Collagen and hyaluronic acid (hyaluronic acid) HA are one of main matrix components of human skin epidermis and dermis, and have the physiological functions of enabling moisture to enter cell gaps and be combined with protein to form protein gel, bonding cells together, playing a normal cell metabolism role, keeping cell moisture, protecting cells from pathogenic bacteria, accelerating recovery of skin tissues, improving wound healing regeneration capability, reducing scars, enhancing immunity and the like, being natural bioactive substances of skin, being capable of effectively supplementing endogenous hyaluronic acid of skin, penetrating skin epidermis by small molecular weight hyaluronic acid, promoting blood microcirculation, and being in accordance with the 9 th part of tissue engineering medical products of the national food and drug administration, namely the Chinese medical industry standard of people's republic of China, published 1 month 31 in 2007: sodium hyaluronate, appendix D (informative appendix) background data d.2.4.8 cosmetic and dermatological applications hyaluronic acid based skin grafts can be used to provide lip augmentation or repair of contour defects such as wrinkles or scars, and the ability of hyaluronic acid to bind water is also used in many emollient formulations.

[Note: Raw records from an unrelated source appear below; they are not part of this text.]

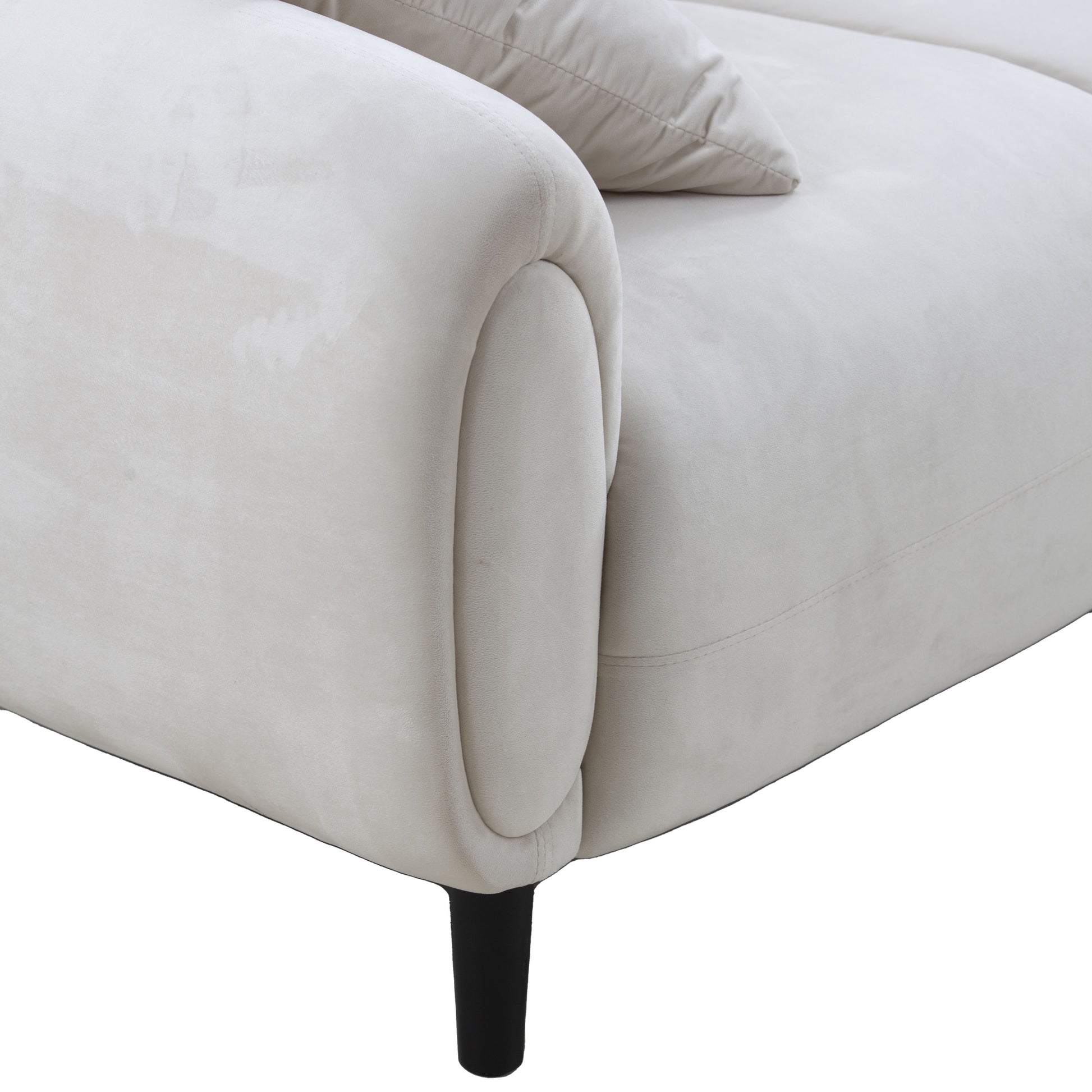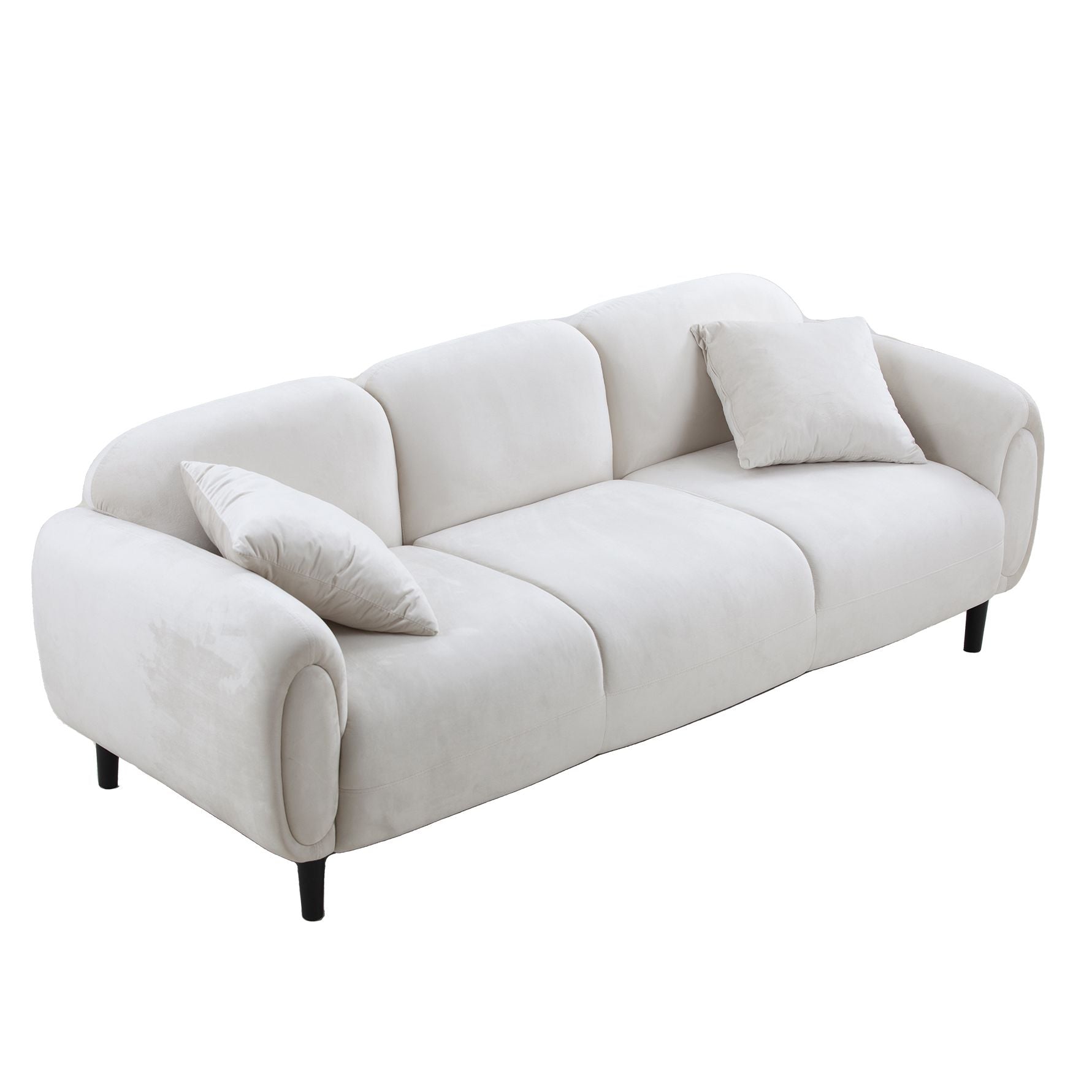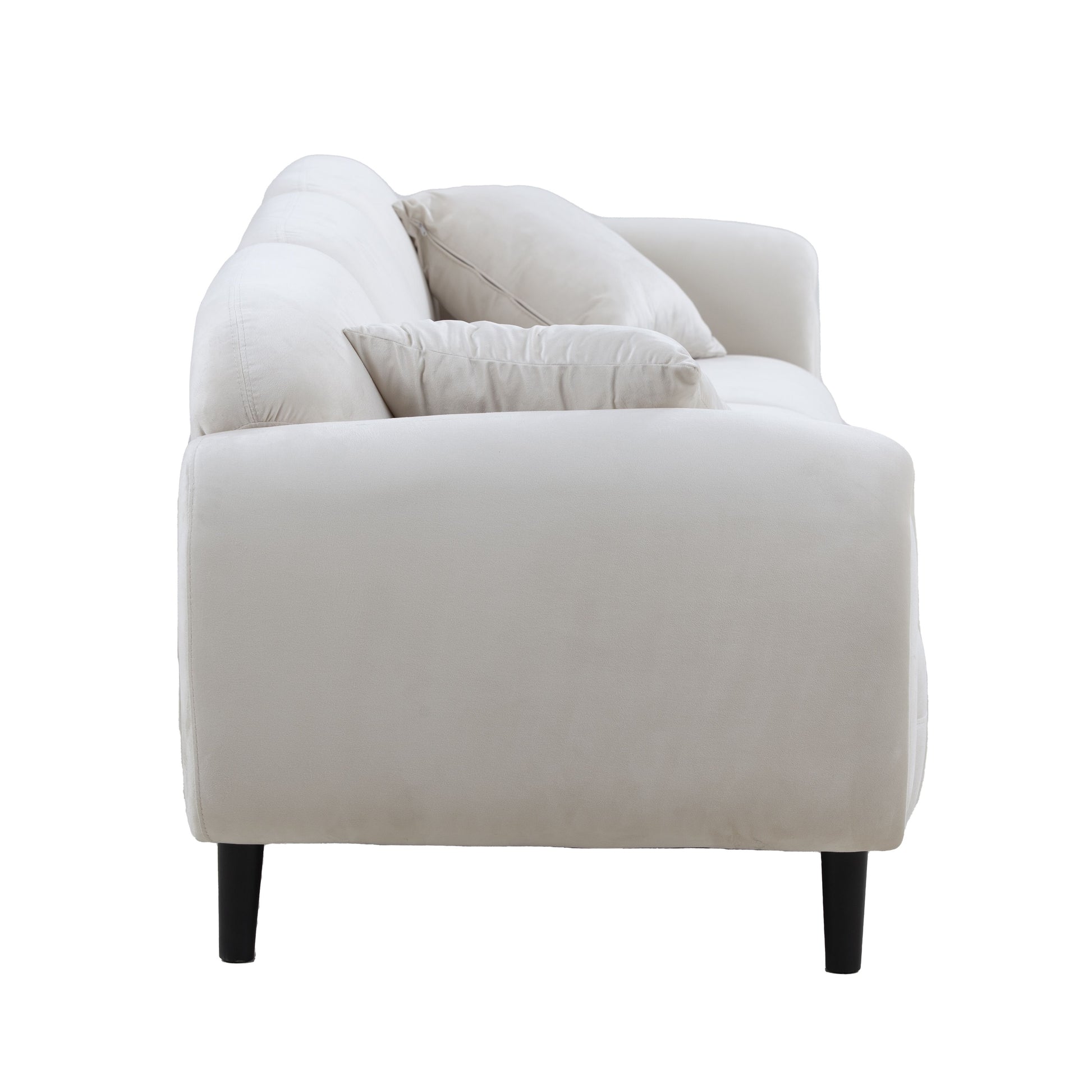 Mid Century Modern 3 seater Couch Velveteen sofa with solid wood leg for Living Room, bedroom, livingroom Beige
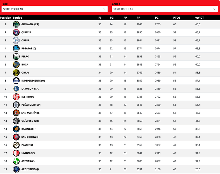 La “Fusión” visitará a Independiente de Oliva, mientras que el “Celeste” recibirá a Atenas de Córdoba, que busca evitar el playout. Si Quimsa y Oberá caen en sus respectivos compromisos, entonces el equipo de Pablo Favarel se quedará con el 1 de la fase regular y por primera vez en la historia del club.
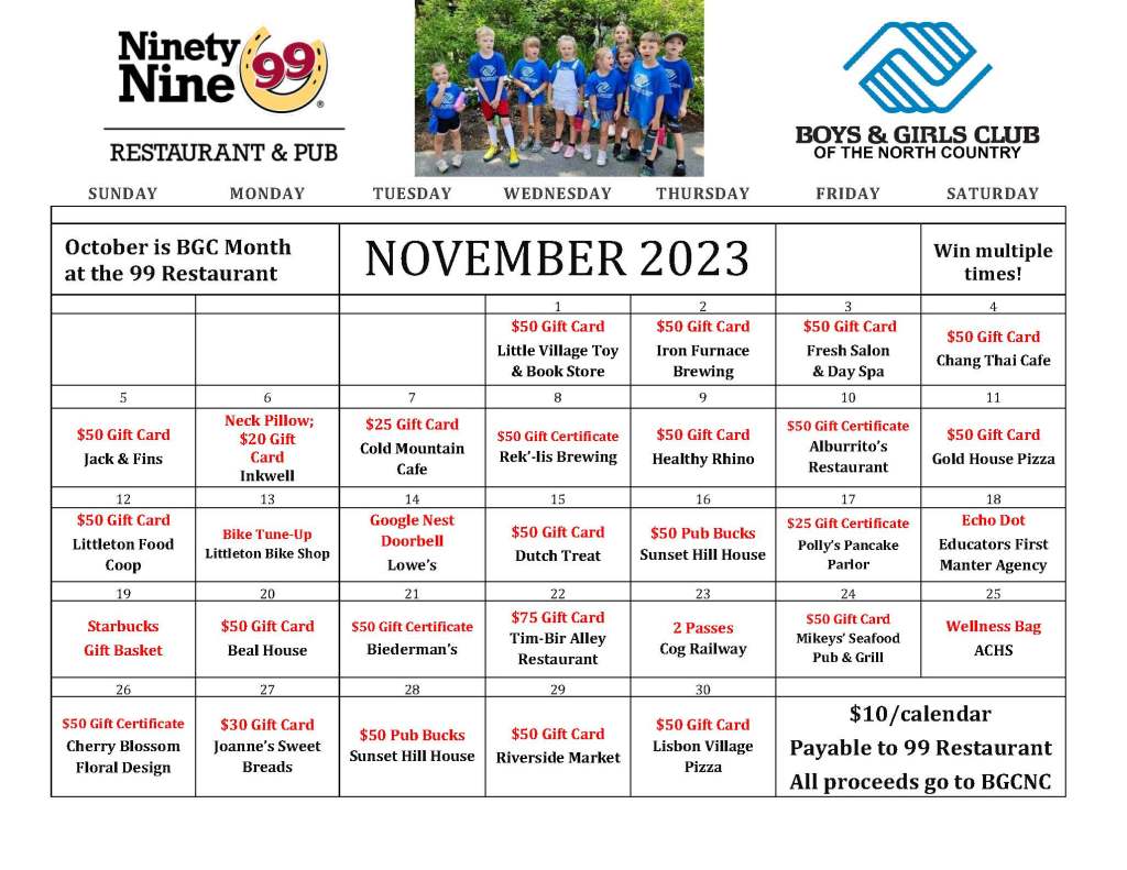Only twelve days left to purchase your CALENDARS for a chance to win great local gifts MULTIPLE TIMES throughout November and support your local Boys & Girls Club in Lisbon! All proceeds from the Littleton 99 Restaurant fundraisers in October, help us to continue to provide quality, affordable childcare for working families, especially those who need us most. THANK YOU for your support.
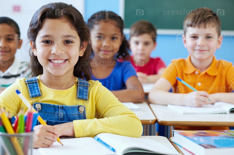 Портрет многонациональных детей, улыбающихся и учащихся вместе в классе
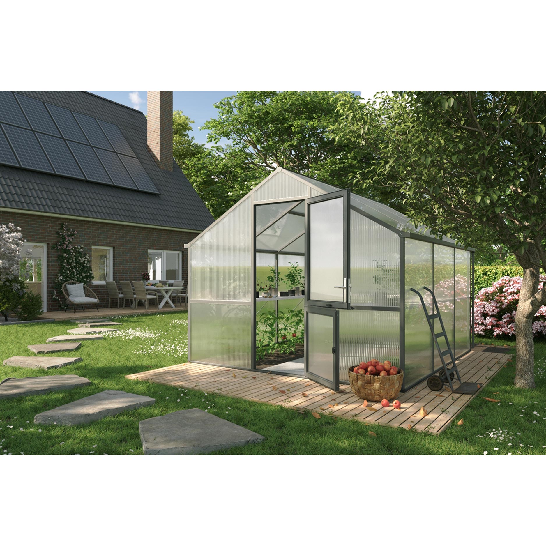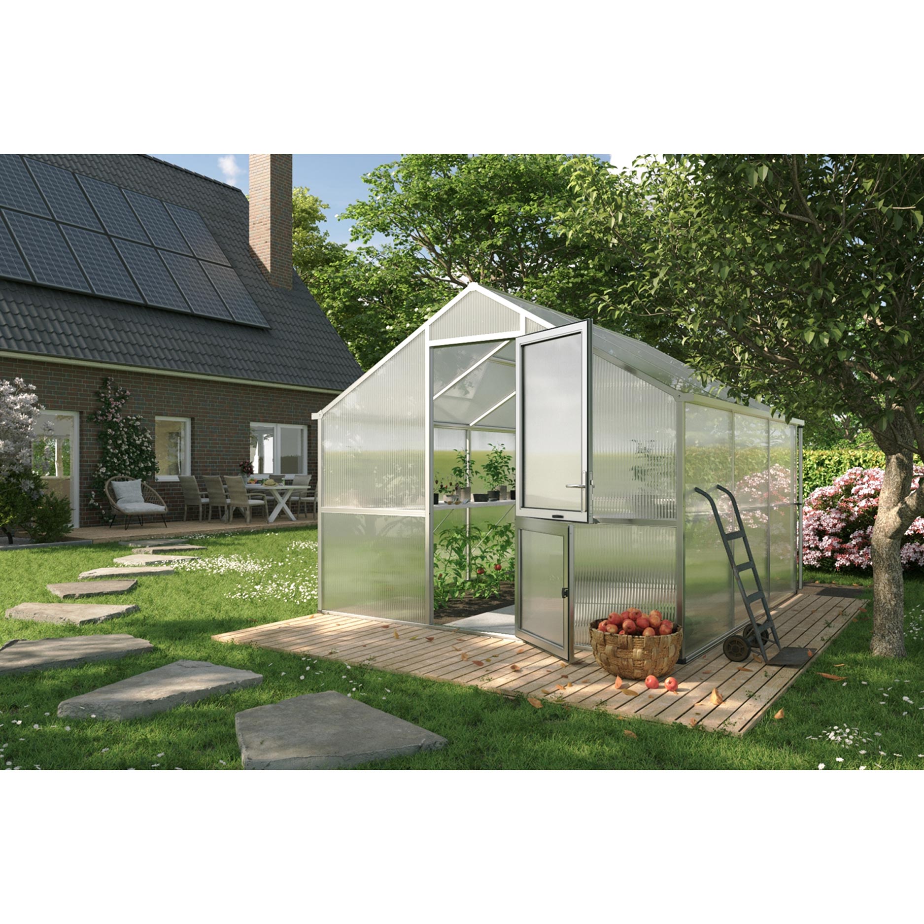 Konstruktionen består af en stærk aluminiumsbase med 16mm kanalplader, som isolerer usædvanligt godt og fordeler lyset jævnt. Det begrænser temperatursvingninger og forebygger svidning af afgrøder. Nelke III er udstyret med en bred drejedør, et automatisk tagvindue og et manuelt bagvindue til naturlig ventilation. Integrerede tagrender leder vand effektivt væk eller kan kobles til et opsamlingssystem. Med den valgfrie fundamentsramme står drivhuset stabilt og i vater, også i hård vind.
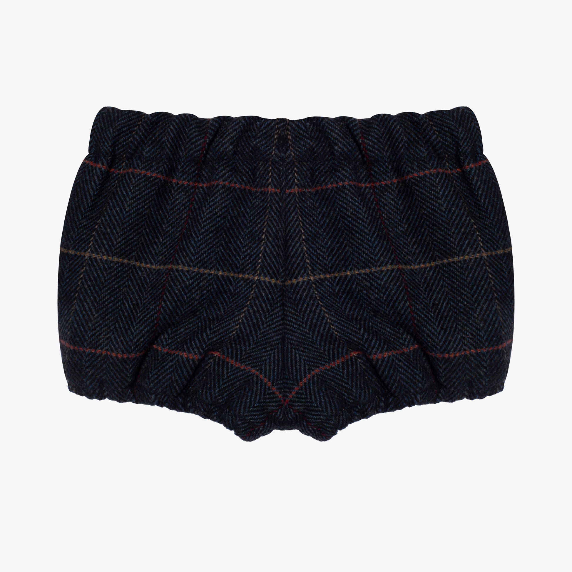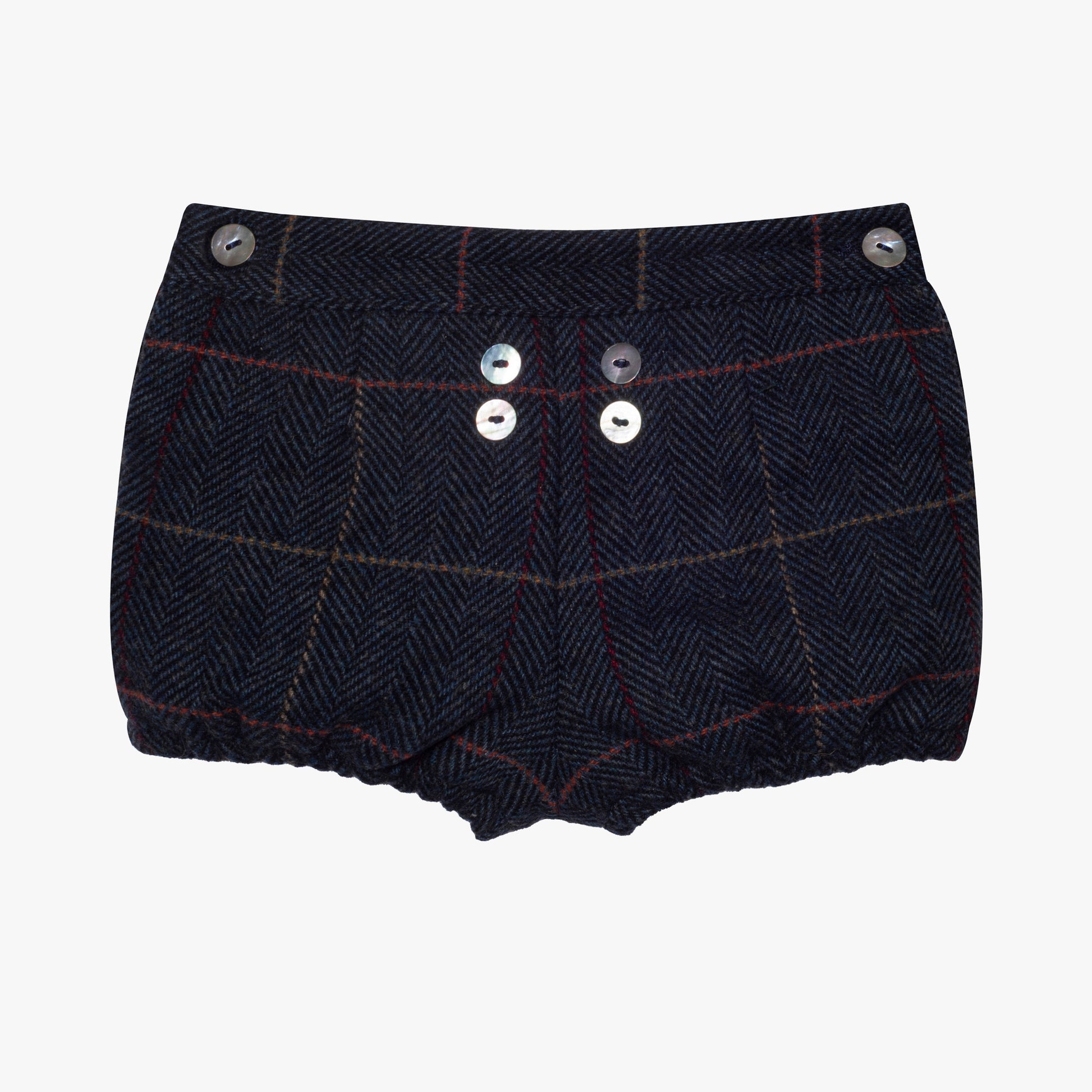 Urocze, eleganckie spodenki dla małego chłopca. Wykonane w 100% z bawełny. Wyjątkowo ciepłe, idealne na święta. W kolorze ciemno szarym w delikatną kratę. Zapinane na guziczki. Idealne dla niemowlaka do rajstopek i koszuli lub sweterka.
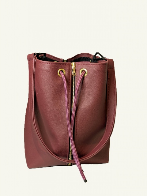 Handgefertigte Handtasche aus beerefarbenem, veganem Bio-Kunstleder mit goldigem Reissverschluss und goldigen Ösen
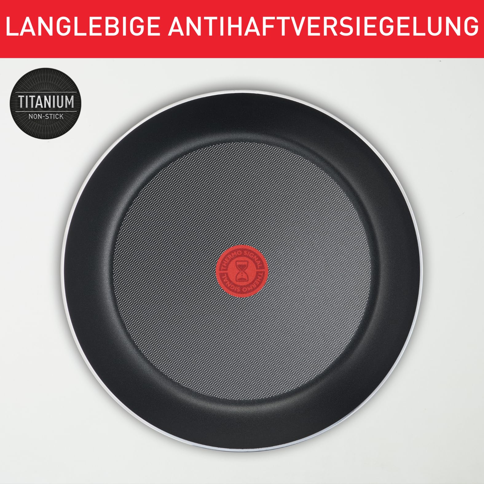 - Hochwertige Antihaftversiegelung: Die langlebige Titanium-Antihaftversiegelung verhindert das Anhaften von Speisen und sorgt für eine mühelose Reinigung.
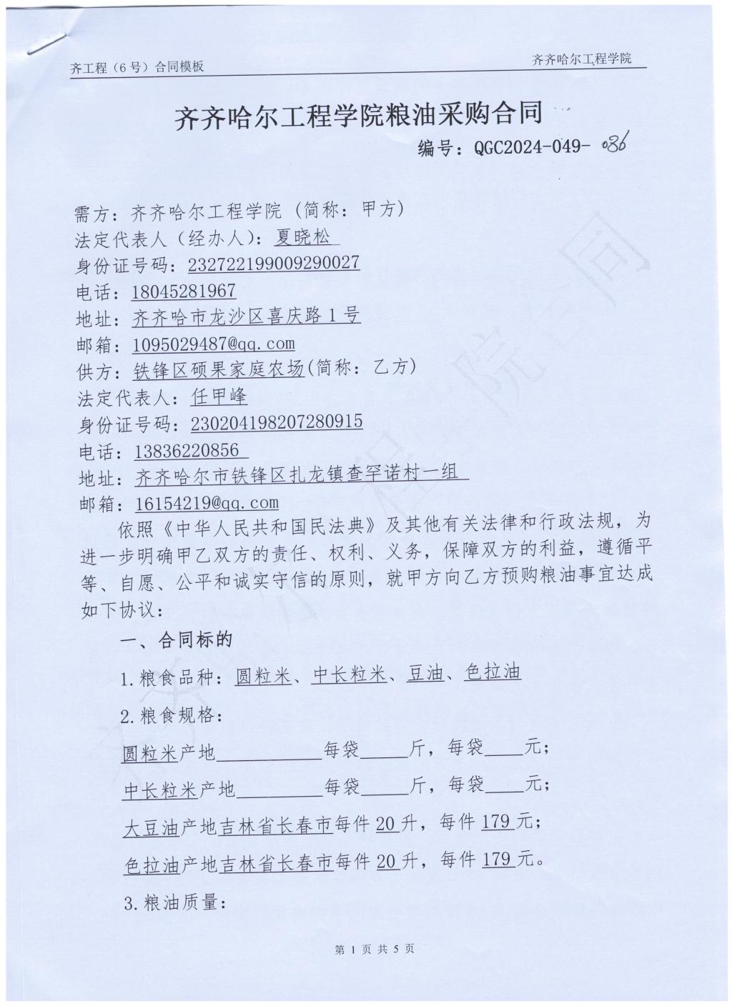 2024年粮油采购合同2
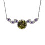 Peridot ve ametist 8 ayar beyaz altın kolye (40 cm gümüş rolo zincir)
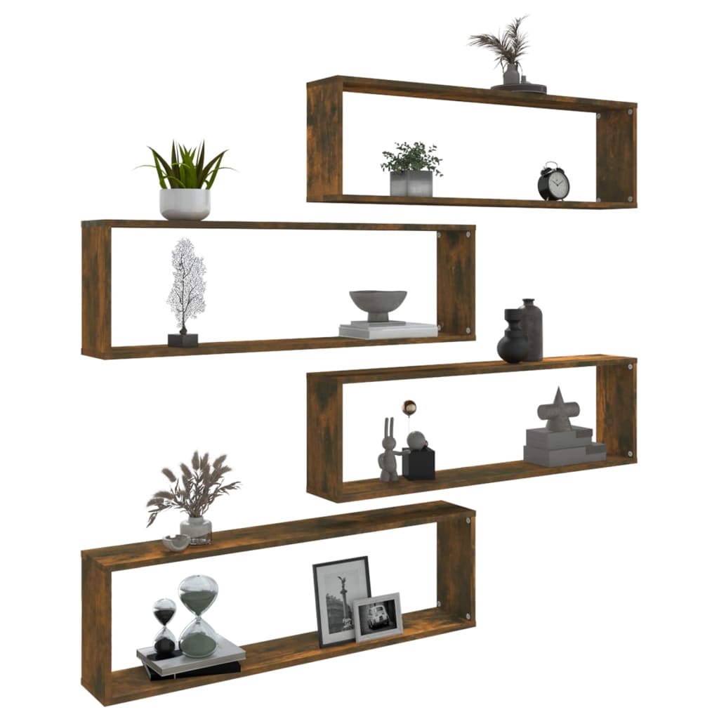 vidaXL Ραφιέρες Τοίχου Κύβοι 4 τεμ. Καπν. Δρυς 100x15x30εκ. Επεξ. Ξύλο

The collagen and sodium hyaluronate (hyaluronic acid) HA is one of main matrix components of human skin epidermis and dermis, sodium hyaluronate is an inherent bioactive substance of skin, exogenous hyaluronic acid can effectively supplement endogenous hyaluronic acid of skin, small molecular weight hyaluronic acid can penetrate into skin epidermis, blood microcirculation is promoted, and the problem of poor mechanical properties of hyaluronic acid and collagen hydrogel is solved, and the sodium hyaluronate, collagen and polyethylene glycol diacrylate are prepared into a composite hydrogel with biocompatibility and high strength by adopting a two-step crosslinking method, wherein the preparation method is commonly used as follows: crosslinking a mixed solution of hyaluronic acid and collagen by using 1-ethyl-3- (3-dimethylaminopropyl) carbodiimide (EDC), and freeze-drying the crosslinked product to form a film; or crosslinking a mixed solution of hyaluronic acid and collagen by using hydrochloride (WSC) of 1-ethyl-3- (3-dimethylaminopropyl) carbodiimide, and freeze-drying the crosslinked product to form a film; since sodium hyaluronate and collagen have opposite charges and thus form a polyionic complex (PIC) in an aqueous solution, optimal reaction conditions were determined to avoid formation thereof, directly crosslinking with WSC to form a hyaluronic acid-type II collagen complex matrix, dissolving both HA and type II collagen powders in distilled water (PH 5.6) and 0.01N HCI (PH 2.3), respectively, mixing the two solutions at a weight ratio of 1:1 at 4 ℃, adding a NaCL solution of WSC (dissolving WSC in a 0.4M NaCL solution) to the mixed solution, stirring, centrifuging (15000 rpm) for 1 minute at 25 ℃ to drive off bubbles, continuing the reaction for 24 hours, and the resulting product invading distilled water at 37 ℃ to remove some small molecules such as sodium ions, chloride ions and urea, thereby obtaining a purer hyaluronic acid-collagen complex matrix.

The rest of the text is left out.